_Task description_.
Some entries follow. Reproduce exactly the lines starting at the one with "Beige and white, padded" and stopping after the one with "uhyeong@DESKTOP-R39GAN6:~$ ssh pi@localhost".

_Source records_.
____
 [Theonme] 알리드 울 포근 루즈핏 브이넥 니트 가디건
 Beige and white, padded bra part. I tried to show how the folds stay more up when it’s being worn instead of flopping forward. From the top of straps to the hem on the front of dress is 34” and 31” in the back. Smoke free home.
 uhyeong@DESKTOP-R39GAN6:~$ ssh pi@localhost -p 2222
____
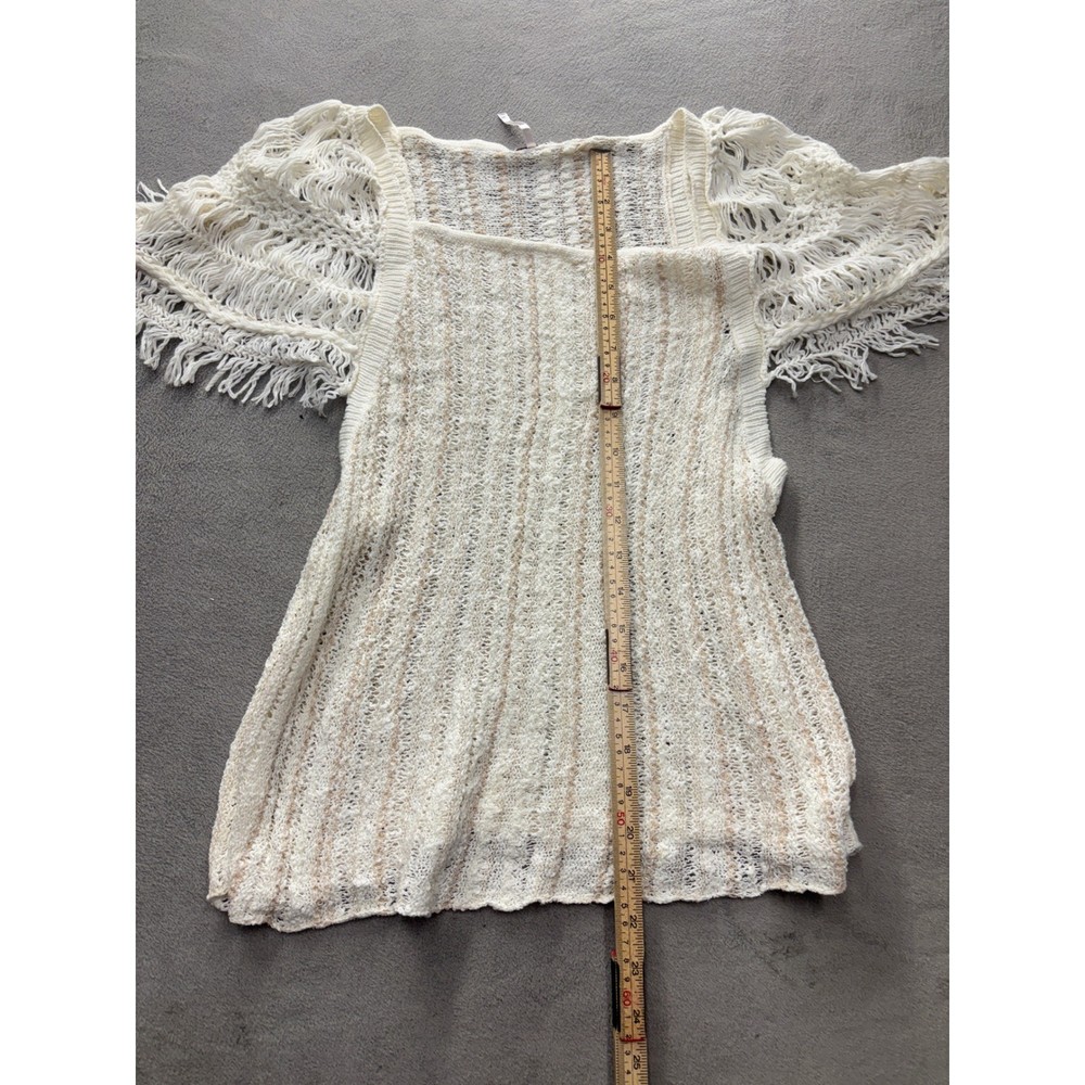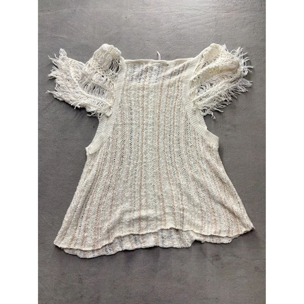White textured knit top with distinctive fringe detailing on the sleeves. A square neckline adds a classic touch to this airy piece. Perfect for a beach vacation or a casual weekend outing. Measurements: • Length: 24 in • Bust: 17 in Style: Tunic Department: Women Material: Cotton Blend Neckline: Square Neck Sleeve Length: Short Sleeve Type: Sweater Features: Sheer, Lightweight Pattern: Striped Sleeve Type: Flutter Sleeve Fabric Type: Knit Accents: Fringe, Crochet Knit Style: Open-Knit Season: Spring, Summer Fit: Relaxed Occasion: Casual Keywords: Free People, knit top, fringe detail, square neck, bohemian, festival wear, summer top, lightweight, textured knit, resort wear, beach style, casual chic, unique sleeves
____
_Problem solution_.
 Beige and white, padded bra part. I tried to show how the folds stay more up when it’s being worn instead of flopping forward. From the top of straps to the hem on the front of dress is 34” and 31” in the back. Smoke free home.
 uhyeong@DESKTOP-R39GAN6:~$ ssh pi@localhost -p 2222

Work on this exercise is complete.